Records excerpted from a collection
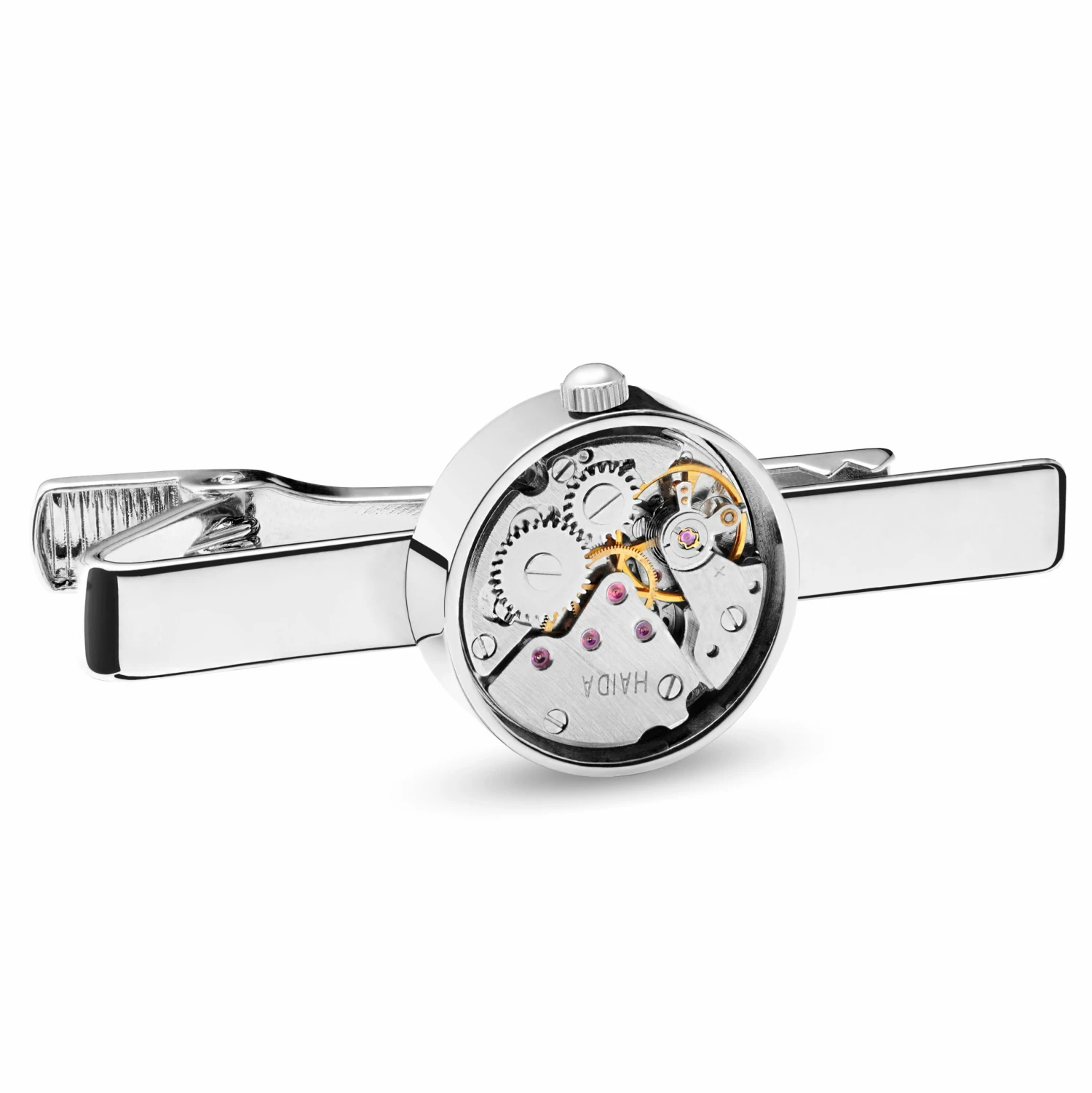 This tie clip houses a working mechanical movement and is made from strong copper, polished to shine. Wind the crown to start it moving.
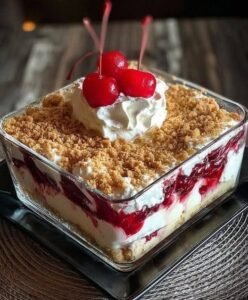One big reason why people absolutely adore this specific dessert is the incredible balance of flavors that it offers in every bite. Most people find traditional cheesecake to be a bit too heavy or dense to eat a large portion of but this trifle version solves that problem by using whipped cream to lighten the entire structure. The sweetness of the cake layers is perfectly balanced by the slight tang of the cream cheese and the natural tartness of the cherries which keeps the dish from feeling overwhelming. It is also a very nostalgic dessert for many families because it reminds them of summer picnics and holiday gatherings where large bowls of sweets were shared among loved ones. The crunch of the graham crackers or the softness of the pound cake provides a variety of textures that keep your taste buds excited from the first bite to the very last one. Because it is served cold it feels very refreshing and light which makes it a top choice for people who want a satisfying treat that does not leave them feeling sluggish afterward.
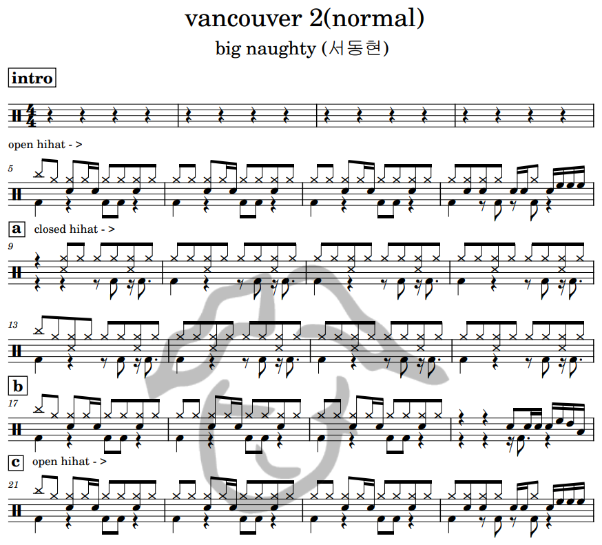 [은규네스튜디오] 드럼악보 big naughty (서동현) - vancouver 2
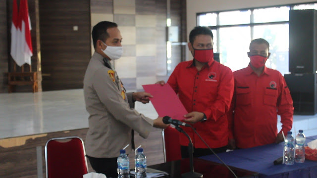 Ketua DPC PDI Perjuangan menyerahkan Laporan langsung kepada Kapolres Magetan
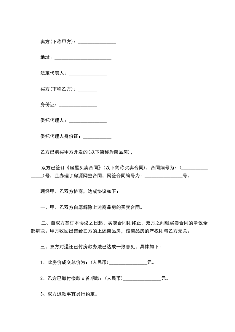 二、自双方签订本协议之日起,买卖合同即终止,双方之间就买卖合同的争议全部解决。甲方收回出售给乙方的上述商品房,该商品房的产权即与乙方无关。
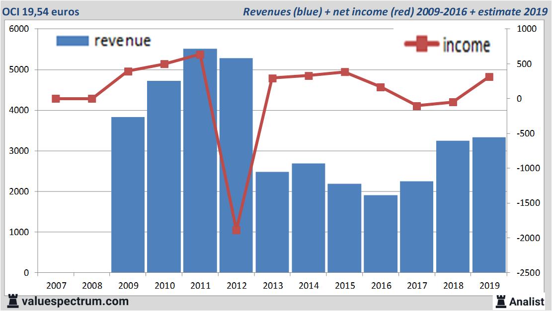OCI gaat morgen haar cijfers over het voorbije kwartaal bekend maken. Over het huidige boekjaar komt de omzet volgens de analisten uit op 3,33 miljard euro. Dit is licht meer dan de omzet over 2018 toen het concern 3,25 miljard euro verdiende.

» **Task description**
The data above are to be repeated word for word, with any pictures left out.

» **Response to this exercise**
 This tie clip houses a working mechanical movement and is made from strong copper, polished to shine. Wind the crown to start it moving.
One big reason why people absolutely adore this specific dessert is the incredible balance of flavors that it offers in every bite. Most people find traditional cheesecake to be a bit too heavy or dense to eat a large portion of but this trifle version solves that problem by using whipped cream to lighten the entire structure. The sweetness of the cake layers is perfectly balanced by the slight tang of the cream cheese and the natural tartness of the cherries which keeps the dish from feeling overwhelming. It is also a very nostalgic dessert for many families because it reminds them of summer picnics and holiday gatherings where large bowls of sweets were shared among loved ones. The crunch of the graham crackers or the softness of the pound cake provides a variety of textures that keep your taste buds excited from the first bite to the very last one. Because it is served cold it feels very refreshing and light which makes it a top choice for people who want a satisfying treat that does not leave them feeling sluggish afterward.
 [은규네스튜디오] 드럼악보 big naughty (서동현) - vancouver 2
 Ketua DPC PDI Perjuangan menyerahkan Laporan langsung kepada Kapolres Magetan
 二、自双方签订本协议之日起,买卖合同即终止,双方之间就买卖合同的争议全部解决。甲方收回出售给乙方的上述商品房,该商品房的产权即与乙方无关。
OCI gaat morgen haar cijfers over het voorbije kwartaal bekend maken. Over het huidige boekjaar komt de omzet volgens de analisten uit op 3,33 miljard euro. Dit is licht meer dan de omzet over 2018 toen het concern 3,25 miljard euro verdiende.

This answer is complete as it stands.